37:37 Achte auf den Frommen und schau auf den Redlichen! / Denn Zukunft hat der Mann des Friedens.
37:38 Die Sünder aber werden alle zusammen vernichtet; / die Zukunft der Frevler ist Untergang.
37:39 Die Rettung der Gerechten kommt vom Herrn, / er ist ihre Zuflucht in Zeiten der Not.
37:40 Der Herr hilft ihnen und rettet sie, / er rettet sie vor den Frevlern; er schenkt ihnen Heil, / denn sie suchen Zuflucht bei ihm.
Die Klage eines Kranken
38:1 [Ein Psalm Davids.
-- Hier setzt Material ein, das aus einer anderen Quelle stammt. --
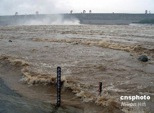 2008年7月5日,大雨中的三峽大壩開啟6個深孔泄洪,每秒下泄流量11000立方米,這是三峽工程2008年首次開閘泄洪。連日來,長江三峽庫區(qū)持續(xù)大到暴雨,長江上游來水猛漲,7月5日10時三峽入庫流量達(dá)34500立方米/秒,三峽壩前水位為145.79米。據(jù)長江防汛抗旱總指揮部披露,預(yù)計未來幾天長江上游仍將持續(xù)降雨,三峽入庫流量將持續(xù)超過26000立方米/秒,三峽大壩將保持持續(xù)泄洪狀態(tài)。中新社發(fā) 劉君鳳 攝

Zum Weihrauchopfer.]
38:2 Herr, strafe mich nicht in deinem Zorn / und züchtige mich nicht in deinem Grimm!
38:3 Denn deine Pfeile haben mich getroffen, / deine Hand lastet schwer auf mir.
38:4 Nichts blieb gesund an meinem Leib, weil du mir grollst; / weil ich gesündigt, blieb an meinen Gliedern nichts heil.
38:5 Denn meine Sünden schlagen mir über dem Kopf zusammen, / sie erdrücken mich wie eine schwere Last.
38:6 Mir schwären, mir eitern die Wunden / wegen meiner Torheit.
38:7 Ich bin gekrümmt und tief gebeugt, / den ganzen Tag geh ich traurig einher.
38:8 Denn meine Lenden sind voller Brand, / nichts blieb gesund an meinem Leib.
38:9 Kraftlos bin ich und ganz zerschlagen, / ich schreie in der Qual meines Herzens.
38:10 All mein Sehnen, Herr, liegt offen vor dir, / mein Seufzen ist dir nicht verborgen.
38:11 Mein Herz pocht heftig, mich hat die Kraft verlassen, / geschwunden ist mir das Licht der Augen.
38:12 Freunde und Gefährten bleiben mir fern in meinem Unglück / und meine Nächsten meiden mich.
38:13 Die mir nach dem Leben trachten, legen mir Schlingen; / die mein Unheil suchen, planen Verderben, / den ganzen Tag haben sie Arglist im Sinn.
38:14 Ich bin wie ein Tauber, der nicht hört, / wie ein Stummer, der den Mund nicht auftut.
38:15 Ich bin wie einer, der nicht mehr hören kann, / aus dessen Mund keine Entgegnung kommt.
38:16 Doch auf dich, Herr, harre ich; / du wirst mich erhören, Herr, mein Gott.
38:17 Denn ich sage: Über mich sollen die sich nicht freuen, / die gegen mich prahlen, wenn meine Füße straucheln.
38:18 Ich bin dem Fallen nahe, / mein Leid steht mir immer vor Augen.
38:19 Ja, ich bekenne meine Schuld, / ich bin wegen meiner Sünde in Angst.
38:20 Die mich ohne Grund befehden, sind stark; / viele hassen mich wegen nichts.
38:21 Sie vergelten mir Gutes mit Bösem, / sie sind mir Feind; denn ich trachte nach dem Guten.
38:22 Herr, verlass mich nicht, bleib mir nicht fern, mein Gott! /
38:23 Eile mir zu Hilfe, Herr, du mein Heil!